Trump: “Chinese virus.”

And with a literally existential event taking place all around them, 14th-century Europeans shifted in their spirituality as the Romans had done before them. Just as the sixth-century plague had finished off the old religion of the Roman gods and brought the final triumph of Christianity, so a newly personal and mystical variety of that religion replaced the more institutional one. Sects from the lower classes began to emerge — like the Lollards in England, who rejected key Catholic doctrines and translated the Bible into English. In these rebellious religious subcultures, the seeds of the Reformation were sown.
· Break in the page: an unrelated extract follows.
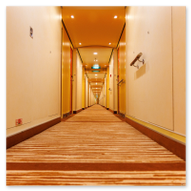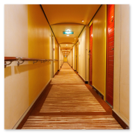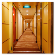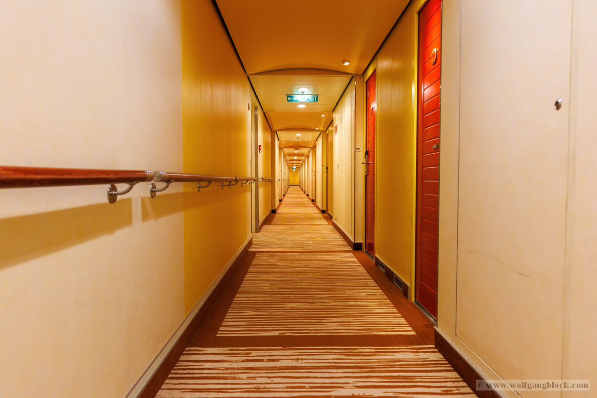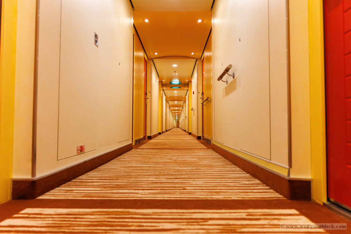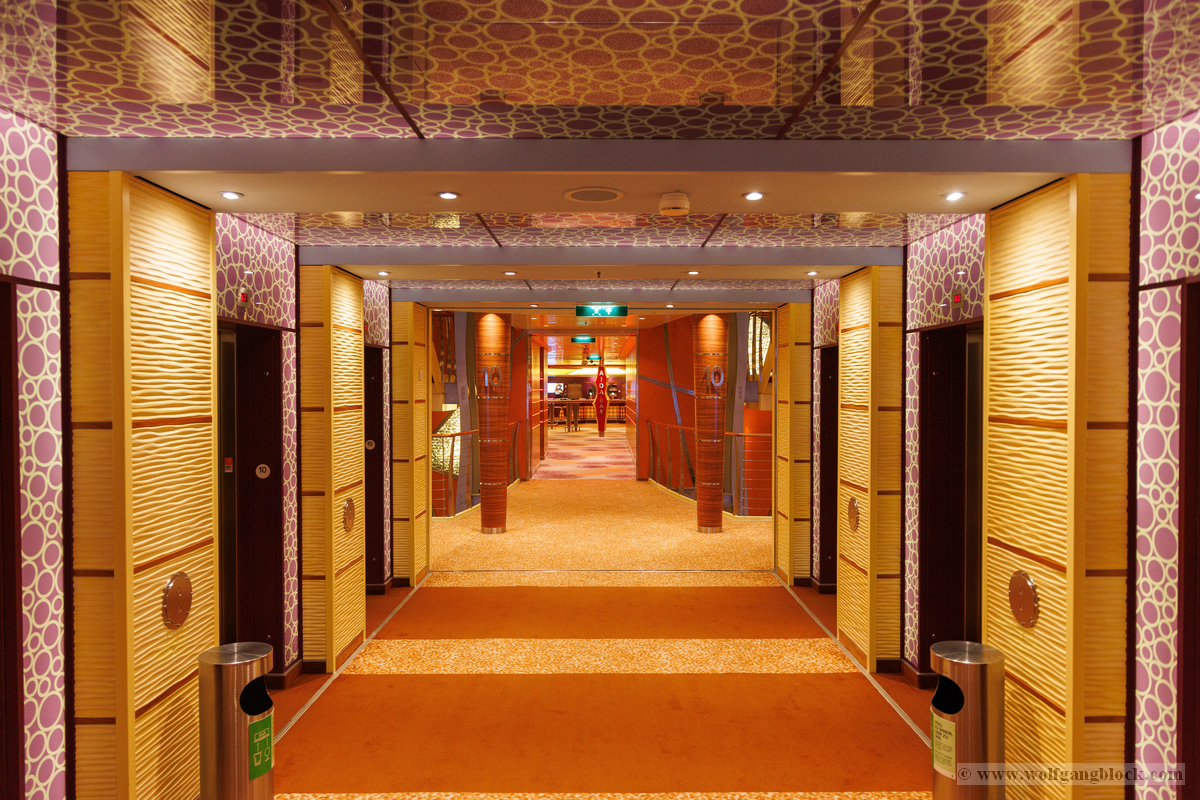 Sogar die Aufzugsbereiche sind ein visuelles Erlebnis. Auf Deck 10 empfing uns eine fast schon psychedelisch anmutende Decken- und Wandgestaltung in Lila-Mustern, die perfekt mit dem warmen Orange der Teppiche harmoniert. Es ist diese Liebe zum Detail in jedem Winkel, die das Schiffserlebnis so besonders macht. Zum Abschluss unseres Rundgangs faszinierten uns die scheinbar unendlichen Flure der AIDAluna. Die perfekt ausgeleuchteten Gänge mit ihren charakteristischen roten Türen bieten eine Fluchtpunkt-Perspektive, die die schiere Länge des Schiffs betont. Ob aus tiefer Perspektive oder im weiten Überblick – diese Gänge haben ihren ganz eigenen, symmetrischen Reiz.

Key passage about the benefits of a world-shaking event:

Paradoxically, the Black Death also reshaped and rebuilt the rural economy to benefit the poor. With half the population suddenly wiped out by bubonic plague, food became plentiful and cheap as soon as the harvests returned, because there were so many fewer mouths to feed, and the price of labor soared because so many workers had perished. Day laborers suddenly had some leverage over the owners of land and exploited it. A manpower shortage also led to innovations. With fewer people on higher wages, for example, the cost of making a book became prohibitive — because it required plenty of scribes and copiers. And so the incentive to invent the printing press was created. Industries like fishing (new methods of curing), shipping (new kinds of ships both bigger and requiring less manpower), and mining (new water pumps) innovated to do more with fewer people. The historian David Herlihy puts it this way: “Plague … broke the Malthusian deadlock … which threatened to hold Europe in its traditional ways for the indefinite future.”

There will be more pandemics as humans fill up the planet the destroy more and more of the natural habitat (as Brazilians burn down the Amazon jungle).

And finally:

Knowledge of a brutal new virus does not prevent its spread. Only a much more profound reorientation of humankind will lower the odds: moving out of cities, curtailing global travel, ending carbon energy, mask wearing in public as a permanent feature of our lives. We either do this to lower the odds of mass death or let nature do what it does — eventually so winnowing the human stock that we are no longer a threat to the planet we live on.

That’s the sobering long view. It is hard to look at the history of plagues without reflecting on the fact that civilizations created them and that our shift from our hunter-gatherer origins into a world of globally connected city-dwelling masses has always had a time bomb attached to it. It has already gone off a few times in the past few thousand years, and we have somehow rebounded, but not without long periods, as in post-Roman Europe, of civilizational collapse. But our civilization is far bigger than Rome’s ever was: truly global and, in many ways, too big to fail. And the time bomb is still there — and its future impact could be far greater than in the past. In the strange silence of this plague, if you listen hard, you can still hear it ticking.